1.2.9 Representation 2 not Tidy

Representation 2 is not in tidy form.

  • Observations are spread over multiple rows.
  • The variables cases and population do not have thir own column.
  • The column type contains variable names, not values.
country year type count
Afghanistan 1999 cases 745
Afghanistan 1999 population 19987071
Afghanistan 2000 cases 2666
Afghanistan 2000 population 20595360
Brazil 1999 cases 37737
Brazil 1999 population 172006362
Brazil 2000 cases 80488
Brazil 2000 population 174504898
China 1999 cases 212258
China 1999 population 1272915272
China 2000 cases 213766
China 2000 population 1280428583

1.2.10 Representation 3 not Tidy

Representation 3 is not in tidy form.

The variables cases and population do not have their own columns, but are combined in a single column called rate.

country year rate
Afghanistan 1999 745/19987071
Afghanistan 2000 2666/20595360
Brazil 1999 37737/172006362
Brazil 2000 80488/174504898
China 1999 212258/1272915272
China 2000 213766/1280428583

1.2.11 Representation 4 is not Tidy

Representation 4 is not in tidy form.

  • The variable year is spread across multiple columns.
  • The variables cases and population are spread over multiple tables.
country 1999 2000
Afghanistan 745 2666
Brazil 37737 80488
China 212258 213766
country 1999 2000
Afghanistan 19987071 20595360
Brazil 172006362 174504898
China 1272915272 1280428583

1.2.12 Why Use Tidy Data

  • Data are often easiest to work with when they are in tidy form

  • The tidyverse() R package is useful for creating graphs, and calculating summary statistics when data are in tidy form.
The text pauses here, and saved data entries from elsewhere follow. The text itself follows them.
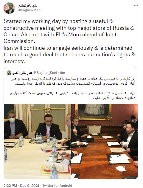 وی در توئیتی درباره دیدارهای امروزش نوشت: روز کاری را با میزبانی یک ملاقات مفید و سازنده با مذاکرهکنندگان ارشد روسیه و چین آغاز کردم. همچنین در آستانه کمیسیون مشترک دیداری هم با انریکه مورا داشتم. ایران به تعامل جدی ادامه داده و مصمم به دستیابی به توافق خوبی است که حقوق و منافع ملتمان را تأمین کند.
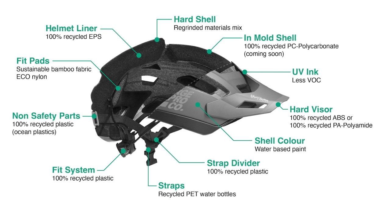 - EPS z recyklingu – Wysokiej jakości polistyren pochodzący z przemysłu samochodowego zapewnia doskonałą amortyzację, przy jednoczesnym ograniczeniu zużycia surowców pierwotnych i energii. Kaski pozostają trwałe i niezawodne.
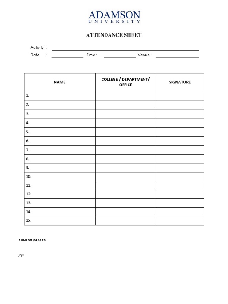 Attendance Sheet PDF
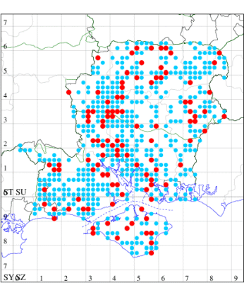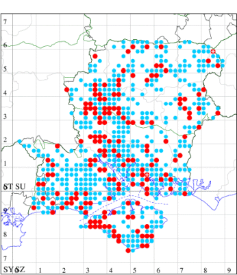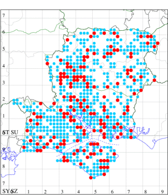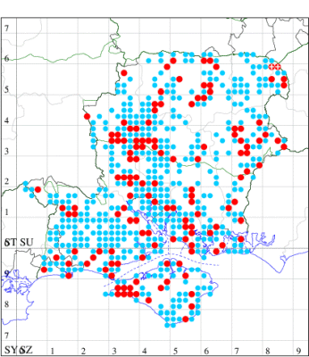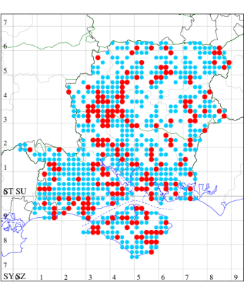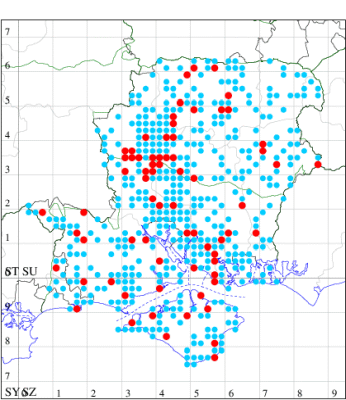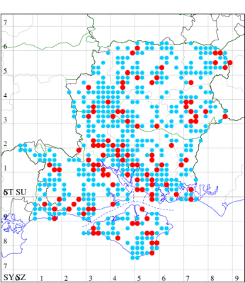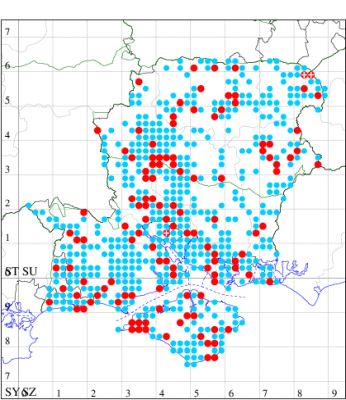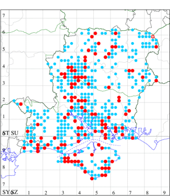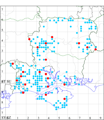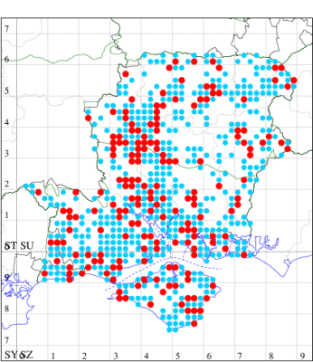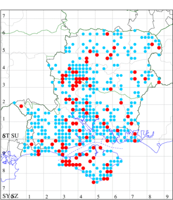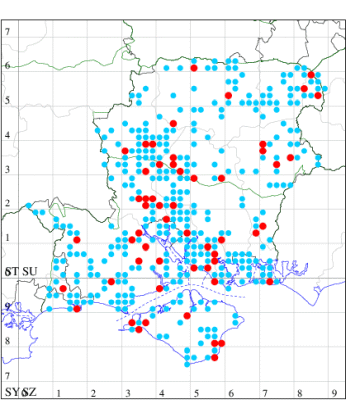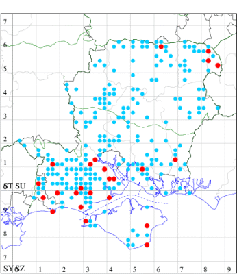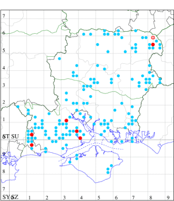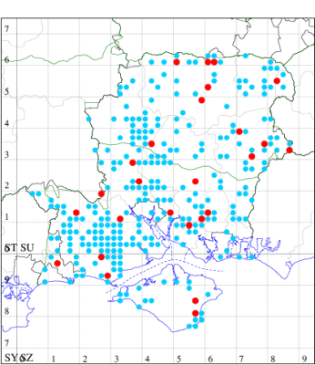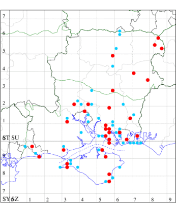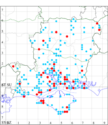 For the maps, all records prior to 2022 are shown by a blue dot (the larger the dot, the more recent), with the current year's records shown in red. As previous records are superimposed on any report for 2022, new sites have greater emphasis (i.e. will show as 'more red').

  • Sometimes there is good reason for data to not be in tidy form. This is ok, but it makes it harder to work with.

  • In this class, we will focus on data that are already in tidy form. However, if you come across data on your own, you should check that it is tidy before attempting to use the techniques we’ll see in this class.

  • In CMSC/STAT 205: Data-Scientific Programming, we study how to convert data into tidy form if it is not already. More information can be found in R For Data Science by Wickham and Grolemund.